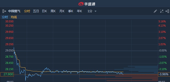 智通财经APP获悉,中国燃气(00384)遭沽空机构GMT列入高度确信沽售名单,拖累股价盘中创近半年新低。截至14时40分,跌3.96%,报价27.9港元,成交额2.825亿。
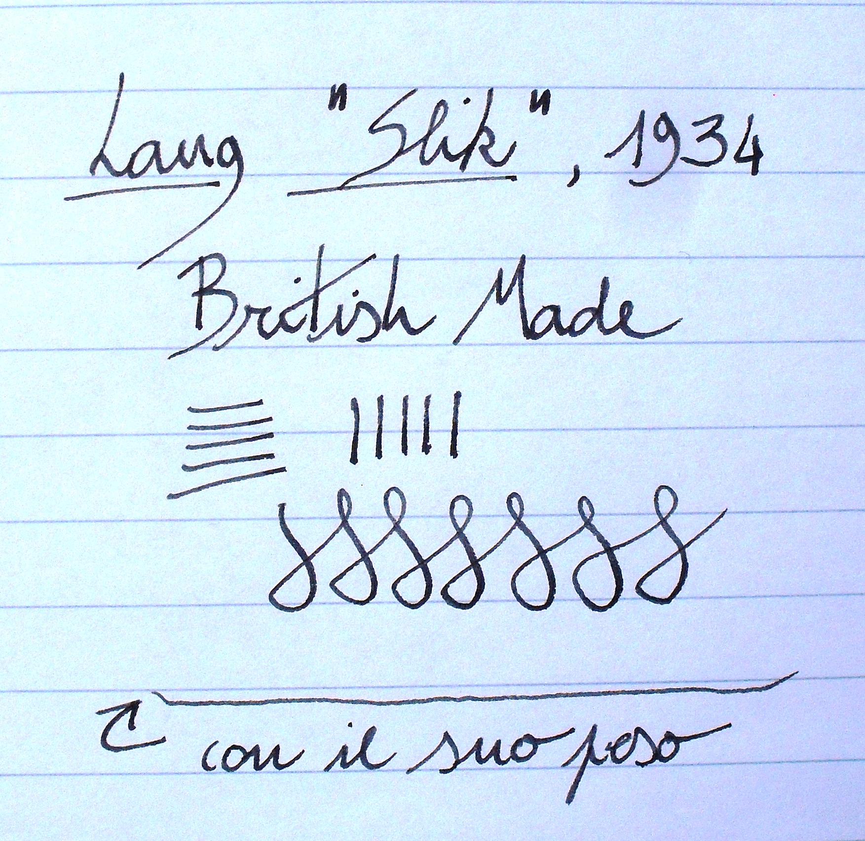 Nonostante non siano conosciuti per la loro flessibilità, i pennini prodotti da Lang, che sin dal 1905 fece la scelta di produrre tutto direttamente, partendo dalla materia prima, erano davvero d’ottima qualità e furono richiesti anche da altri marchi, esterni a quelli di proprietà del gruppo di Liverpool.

---

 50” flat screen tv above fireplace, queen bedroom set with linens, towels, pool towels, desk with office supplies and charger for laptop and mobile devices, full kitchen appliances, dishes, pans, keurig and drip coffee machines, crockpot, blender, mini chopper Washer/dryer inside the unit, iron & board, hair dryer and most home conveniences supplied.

* * *

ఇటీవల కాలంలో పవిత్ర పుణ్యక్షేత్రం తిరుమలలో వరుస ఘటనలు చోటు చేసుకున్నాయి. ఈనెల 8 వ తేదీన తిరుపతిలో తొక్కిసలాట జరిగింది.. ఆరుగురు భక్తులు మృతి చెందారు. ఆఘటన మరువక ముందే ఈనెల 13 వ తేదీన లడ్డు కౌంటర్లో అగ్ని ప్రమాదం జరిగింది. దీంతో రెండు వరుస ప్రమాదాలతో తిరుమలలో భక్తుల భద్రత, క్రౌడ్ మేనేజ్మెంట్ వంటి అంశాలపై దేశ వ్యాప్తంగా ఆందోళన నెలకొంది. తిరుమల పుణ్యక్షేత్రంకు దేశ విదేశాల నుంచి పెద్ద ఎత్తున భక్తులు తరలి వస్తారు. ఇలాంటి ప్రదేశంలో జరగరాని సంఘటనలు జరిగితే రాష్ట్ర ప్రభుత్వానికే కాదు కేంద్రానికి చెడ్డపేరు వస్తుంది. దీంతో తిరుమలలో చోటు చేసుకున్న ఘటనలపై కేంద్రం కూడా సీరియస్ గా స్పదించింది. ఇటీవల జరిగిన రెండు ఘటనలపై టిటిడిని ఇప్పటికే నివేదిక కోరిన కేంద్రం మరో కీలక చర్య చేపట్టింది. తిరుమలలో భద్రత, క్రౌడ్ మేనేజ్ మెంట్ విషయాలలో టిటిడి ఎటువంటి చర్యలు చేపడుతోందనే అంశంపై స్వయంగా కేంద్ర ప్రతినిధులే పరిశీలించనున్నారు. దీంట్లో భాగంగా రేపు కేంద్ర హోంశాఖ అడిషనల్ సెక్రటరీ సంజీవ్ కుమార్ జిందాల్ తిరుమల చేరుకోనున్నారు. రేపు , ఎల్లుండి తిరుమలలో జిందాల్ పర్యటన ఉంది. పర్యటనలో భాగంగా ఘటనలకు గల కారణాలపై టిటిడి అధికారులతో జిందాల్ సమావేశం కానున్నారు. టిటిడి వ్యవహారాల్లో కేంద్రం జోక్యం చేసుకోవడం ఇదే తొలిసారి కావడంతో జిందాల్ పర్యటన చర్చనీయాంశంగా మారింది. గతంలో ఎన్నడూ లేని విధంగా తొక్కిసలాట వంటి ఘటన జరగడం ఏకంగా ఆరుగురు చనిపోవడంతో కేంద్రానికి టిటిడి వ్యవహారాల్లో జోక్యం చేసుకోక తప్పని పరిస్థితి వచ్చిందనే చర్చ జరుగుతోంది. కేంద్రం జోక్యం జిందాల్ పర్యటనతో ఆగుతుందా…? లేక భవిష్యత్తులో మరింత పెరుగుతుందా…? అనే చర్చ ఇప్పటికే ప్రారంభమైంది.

= PROMPT =
Go to the line above holding "智通财经APP获悉,中国燃气", then copy exactly each line down to and including the one holding "Nonostante non siano", leaving pictures out.

= WRITTEN RESPONSE =
 智通财经APP获悉,中国燃气(00384)遭沽空机构GMT列入高度确信沽售名单,拖累股价盘中创近半年新低。截至14时40分,跌3.96%,报价27.9港元,成交额2.825亿。
 Nonostante non siano conosciuti per la loro flessibilità, i pennini prodotti da Lang, che sin dal 1905 fece la scelta di produrre tutto direttamente, partendo dalla materia prima, erano davvero d’ottima qualità e furono richiesti anche da altri marchi, esterni a quelli di proprietà del gruppo di Liverpool.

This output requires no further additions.